Labels and Lightbulbs

[Warning: some pieces of this post might be triggers for some people. Good idea not to read if that might be the case for you.]

The vocabulary associated with postpartum depression is vast. There are so many facets to this illness I never knew about, even after I accepted this as what I was dealing with and started to learn more.

As I came across many of these issues I thought, “That doesn’t apply to me.”

Anxiety

When I was a teenager, our house was broken into. Whoever it was came in through the garage and, as I remember it, only rummaged around the lower floor. Took a few things they came across and some stuff, including a small amount of cash, from my brother’s bedroom.

It freaked me out.

My room at the time was on the top floor of our house, and my bed was positioned under a window. Lying on my pillow, I could look straight up and see the window behind my curtains. Each night for months (years?) I lay there for a long time before falling asleep, breath held, staring at that window expecting someone to climb through it. (One night my cat came in the window on the other side of my room. Between the time I saw the curtains move and the moment her padded feet hit the floor, I think I just about overdosed from panic-induced adrenaline.)

A couple of months ago, when talking about medication because what I was on wasn’t working, my counsellor warned that one of the other options is typically associated with an increase in anxiety.

“That’s fine. Anxiety is not a problem for me,” I said.

The lightbulb hadn’t come on yet.

Intrusive thoughts

We moved into our current house eight years ago. As soon as you walk in the door there’s a staircase leading to the upper floor. More nights than I can count I’ve lain in bed, paralyzed with fear that someone would come up the stairs and kill us. I can picture it – a dark shape, illuminated by the street lights from outside, walking quietly up the stairs. In my head I can actually picture this happening.

These thoughts got worse after Connor was born because his room is the first you come to at the top of the stairs. Anyone coming up the stairs would get to him before us. When he first started sleeping with us at night, I breathed more easily knowing he was at least somewhere I could see him.

I recently read a post at The Lorix Chronicles about intrusive thoughts. I sat in front of my computer in stunned silence.

Oh.

OCD

I’m not a neat freak by anyone’s standards, but I like to putter. It calms me. When the house is filled with noisy, bouncy toddler and my brain is filled with, “I can’t do this. It’s too much. I’m not cut out for this. It’s never going to get better,” I vacuum. Methodically, back and forth, the vacuum forming faint lines in the carpet.

I don’t know if this can actually be categorized as OCD. It’s not an obsession that’s relieved by a compulsion – something repetitive and, to a degree, uncontrollable. But it is about control. The stuff I can’t control takes over my brain and I fight back by tackling something I can control, even if that something is crumbs.

Depression

I’ve never struggled with depression.

Except… Oh wait. There was that time in the last semester of my first year of university when I spent a lot of time in bed. A LOT. I stayed there and didn’t want to get up, though I didn’t think much of it at the time.

Then when I was in my 20s, I got sick of feeling sad and hopeless all the time and started logging things. What I ate, exercise, weather – you name it, I put it into a carefully crafted spreadsheet, and it was all mapped against my mood. Eventually the sum of the things that made me feel better – getting enough exercise, sunlight, eating well – led me to feel better overall.

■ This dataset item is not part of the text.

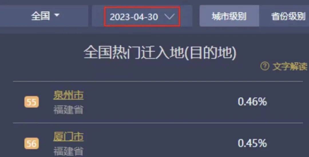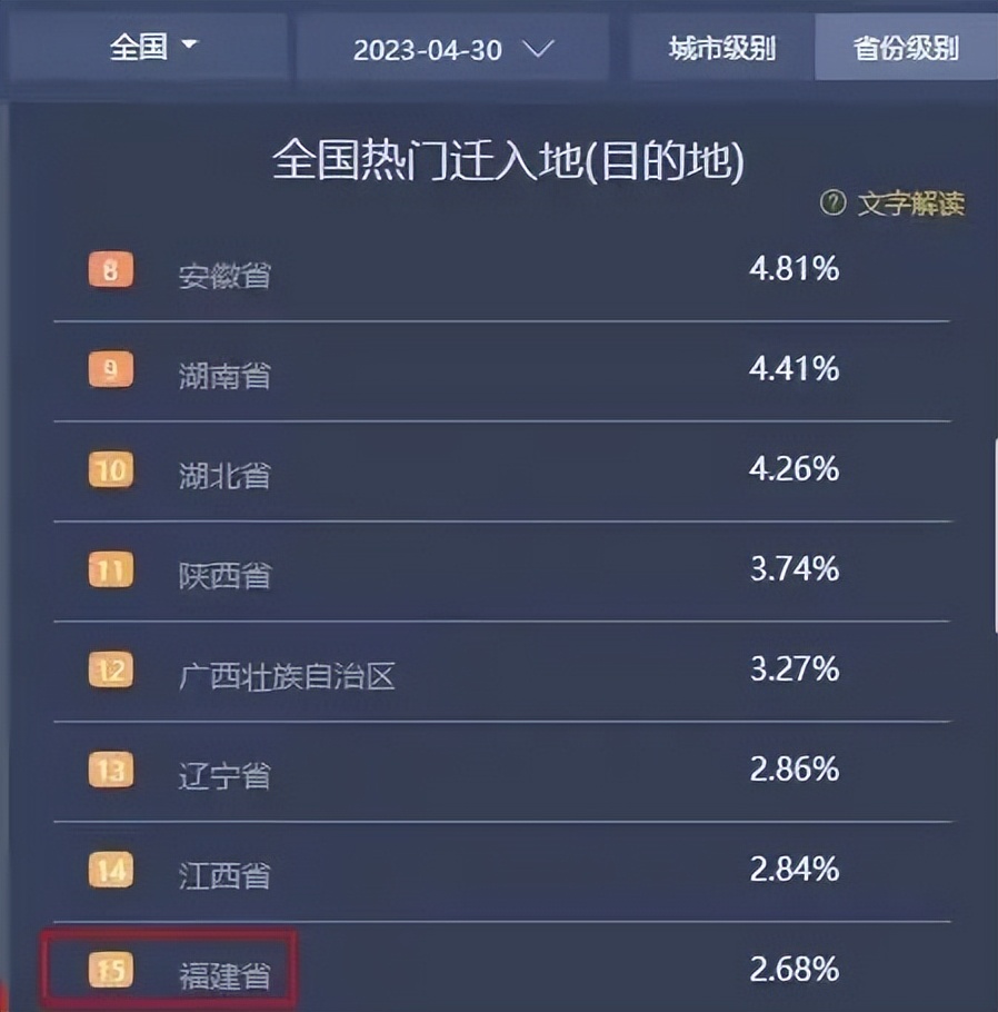携程网的统计显示,截至4月30日晚,在全国热门迁入地排名中,福建在省级迁入地中排名第15,排在福建前面的有安徽、湖南、湖北、广西、江西等省;在市级迁入地中,厦门排名第56位,甚至不如泉州,泉州排名第55位。

Until I sought help for PPD I’d never been diagnosed with depression. Never even had a conversation with a doctor about it. I always hated that label. Oddly, though, I remember being asked to fill out a self-identification form for a previous job. “Are you a visible minority?” No. “Are you Aboriginal?” No. “Do you have a disability?” A very small voice in my head piped up. “Does depression count?” I knew it was there, though I was never willing to admit it. (I checked no.)

The light bulb about anxiety and OCD-like tendencies switched on a couple of weeks ago in the middle of a meltdown. I told my husband it’s dawned on me that I’ve been dealing with this stuff almost as long as I can remember.

His response: “No shit.”

He’s always considered me sort of OCD, apparently. Well. How do you like that? I wish someone had told me.

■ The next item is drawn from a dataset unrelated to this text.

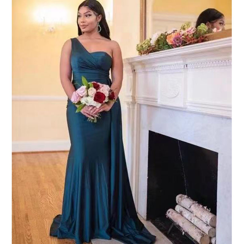 欧米の外国貿易のタキシードのアマゾンwishのセクシーな速売のサテンのシンプルな魚の尾のシングル肩の胸のドレスの女性

I’ve recently started to acknowledge my past episodes of depression in conversations with doctors and counsellors, but it wasn’t until I talked about it with the psychiatrist a couple of weeks ago that I really began to accept this as a part of who I am.

The realization about intrusive thoughts was a lightning bolt that just hit me last weekend.

My counsellor and I spent most of my session this week talking about all this and she gave me some resources to deal with it. Only a few days later, I can now catch these thoughts. “Why are you thinking that? Do you think that’s true?” The answers aren’t right yet: “I don’t know. No, I guess not, not really. But what if… And maybe it is true. And I’m just not good at… I CAN’T TAKE THE CRUMBS ANYMORE!” It’s a work in progress.

One thing that helps is that I’ve named these things now. I’ve allowed themselves to attach them to me. No, better – I’ve attached them to myself.

I don’t know what it means, exactly, but it feels like a step in the right direction.